Rodney Bay, St Lucia
Sorry, we’ve just realised we’ve now been in St Lucia for nearly a week and not let you know! We had another great sail from St Anne on Martinique – the forecast was very light winds and we were expecting to motor, but we had a perfect force 4 on the beam in pretty flat seas and romped along at about 7 knots under full sail – wonderful. We got here early enough to get the boat ready for visitors, but decided the anchorage was so nice we stayed out of the marina for as long as possible. Unfortunately after 4 nights in the relative cool we are now in the über-sophisticated but very hot Rodney Bay Marina which, being in a lagoon, doesn’t get the full breezes and is all the hotter for not being clean enough to swim in. This is our first normal marina with finger pontoons etc since leaving Europe and we entered with some trepidation (as we have a bit of history bashing Goldcrest about against pontoons!). However we got in easily and only damaged the bow when stowing the anchor this time (oops).

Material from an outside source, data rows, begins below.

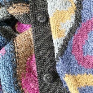 Vintage Peruvian Connection Alpaca Sweater Vest Women's Medium Maxi Long Duster Boho Multi-Color Graphic Knit Artsy Artisan
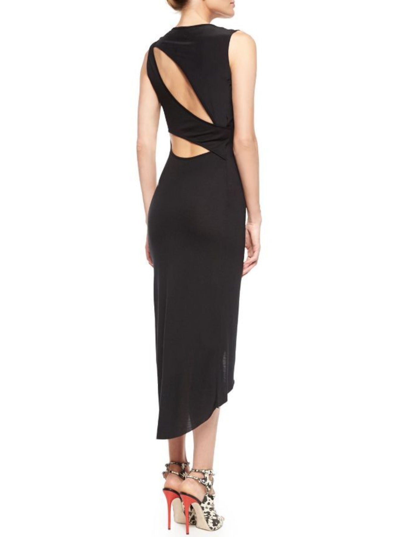 HAUTE HIPPIE Womens Black Cut Out Sheer Sleeveless Round Neck Midi Party Hi-Lo Dress M
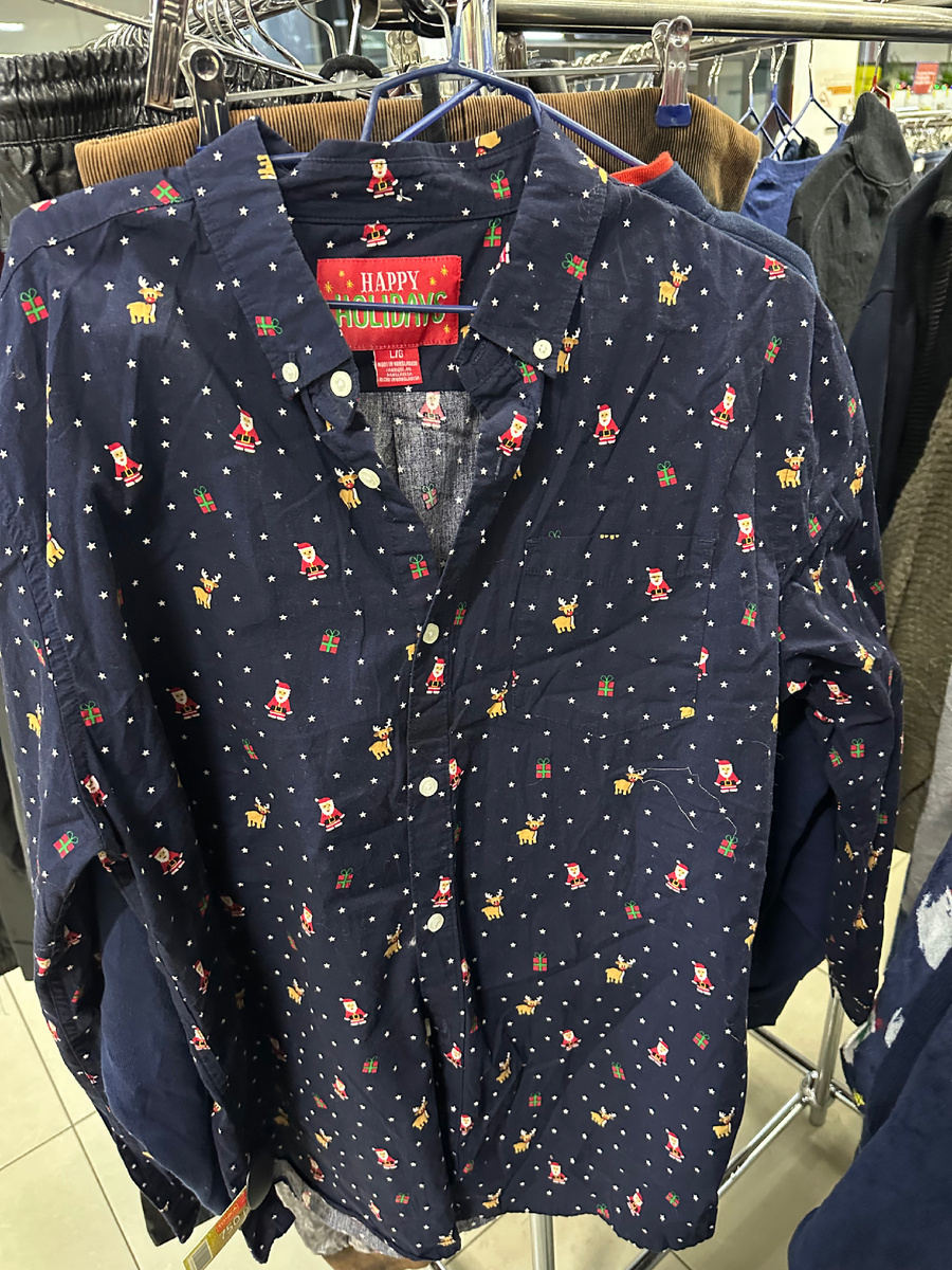 Всем моим читателям доброго времени суток 🫶 Меня зовут Оля и я очень люблю моду, гулять по секондам в поисках сокровищ, исследовать музеи и путешествовать. В начале недели я была в одном из своих любимых секондов в Санкт-Петербурга Точка. Обуви там почти не бывает, зато есть множество других классных находок. Свои примерки я очень люблю показывать. оттуда показывать. В этот раз я не могла оторваться от рейла, где была представлена классная одежда с рождественскими и новогодними мотивами. Начну вот с такой чудеснейшей и очень качественнй рубашки с милейшими оленями и сантами. Хлопковая и очень классная. Цена тоже весьма хороша. В тот день уже была скидка 30 процентов. Очень классный хлопковый бомбер с вышитой елочкй. Судя а всему, вещь немного винтажная и от того такого невероятного качества. Ну и цена. Редкая редкость- сделан бомбер в США. Вот думаю надо было взять). Милейшая плюшевая кофточка с котиком- елкой, на которую пришиты настоящие бубенчики! А как Вам такой чуде

At anchor, we had a great walk around the nearby headland “Pigeon Island” which was only connected to the mainland a few decades ago. It’s had an interesting history as a military base and seen plenty of skirmishes between the Brits and French. Confusingly for an ex-Bristish colony most of the place names in St Lucia are French! We managed to get a rare snap of the two of us together at the top:
… and saw a pair of kestrels (we think) “making love” on a branch (modesty forbade us from snapping them in the act – here they are recuperating:
This is about the most sophisticated place we’ve been to in the Caribbean so far. The marina is full of very popular bars/restaurants and the local shopping consists mostly of expensive malls full of shops which seem to be empty of customers. We were initially mesmerised by the foodstuffs available in the two local supermarkets, but once we saw the prices we realised that we would not be stocking up too much here! Today we took the bus into the capital Castries for the huge Saturday produce market; once again we didn’t recognise half the stuff there and what we did buy was pretty expensive, but we enjoyed the experience. What are all those roots and bit of tree trunk that are on sale? We have found out the names of some of them, honest!
And in case you get confused about what to do in a market, here are your instructions…
So we now need to get the boat cleaned up and tidy for Patsy & Roger who join us for the next three weeks or so and a passage through some of the best bits of the Caribbean, en-route for Trinidad.